The young athlete’s determination to finish for her country would conjure memories of John Stephen Akhwari, the legendary Tanzanian long distance runner who struggled with cramp and injuries from a fall in the 1968 Mexico marathon, but still completed the event in a darkened stadium more than an hour after the winner.
When asked by stunned media why he continued after his fall, Akhwari famously said: “My country did not send me 5,000 miles to start the race, they sent me 5,000 miles to finish the race.”
Paris organisers are also putting in compelling performances dealing with the hidden complexity of keeping the all-important broadcast and competition schedules on track for 11,000 athletes from more than 200 nations across in 32 world sporting competitions.
This vast organisational challenge has been carried out while on full security alert for further possible attack from hostile groups and nations, including Russia, following a sabotage attempt of a central train system in the countdown to the opening ceremony
Planning for Paris has been at a high level if perhaps not always impeccable as President Macron may have decreed.
The complaints have included concerns about conditions in the Athletes Village as challenging for some athletes to perform at their best
The organisers have responded quickly to the almost boundless array of venue and service operations and diplomatic and geopolitical issues that can impact the Games.
Russia’s reduced presence at the Games, due to restrictions on athletes following the Ukraine invasion, has limited its impact on other teams and nations.

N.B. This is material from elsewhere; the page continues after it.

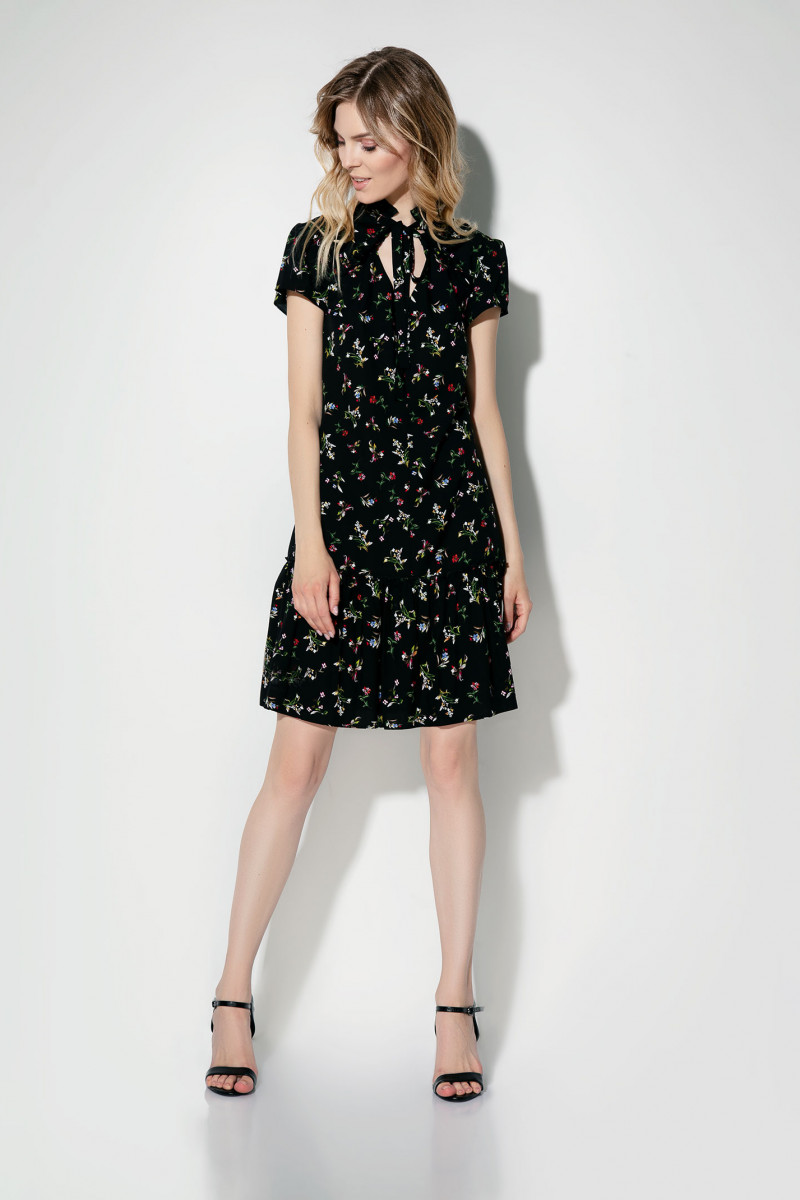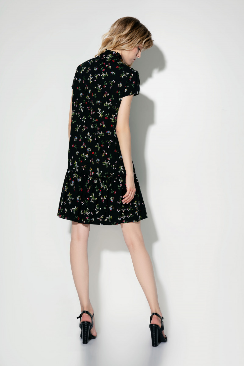 Маленькое черное платье говорит само за себя. Платье из вискозы, рисунок в романтический мелкий цветок. Свободного силуэта, горловина фигурной формы, воротник- стойка с рюшей, по центру от горловины навесные петли и пуговицы. По переду кокетки в шов вставлена рюша, по низу изделия волан. Рукава короткие со сборкой. Разнообразить лук помогут яркие аксессуары.

The spectre of doping involving Russia however continues to darken sports landscapes, with Olympic authorities stripping the super power of a figure skating gold medal from the Beijing Winter Games and presenting it to the US team in Paris
Doping concerns and suspicions have shifted to China following a series of controversial drug testing irregularities involving Chinese swimmers, some of whom were selected for Paris.
Ukraine’s first medal at the Games, by fencer Olga Kharlan, was dedicated to fellow Ukrainians defending the country against Russia.
The Ukraine team’s presence in Paris is a powerful symbol of its existence as a nation on the world stage.
Ukraine is also a symbol for other nations and groups in adversity who are invisible on the medal table but victorious just by having a delegation at the Games.
Paris has created a grand stage for athletes who are performing at awe inspiring levels as symbols of hope despite the war in Ukraine, Middle East violence, and other combat zones.
Pierre de Coubertin, the father of the modern Olympic Games, was born in Paris, and would be proud of how his home city is taking the world on a journey of hope from war to sport, as he dreamed.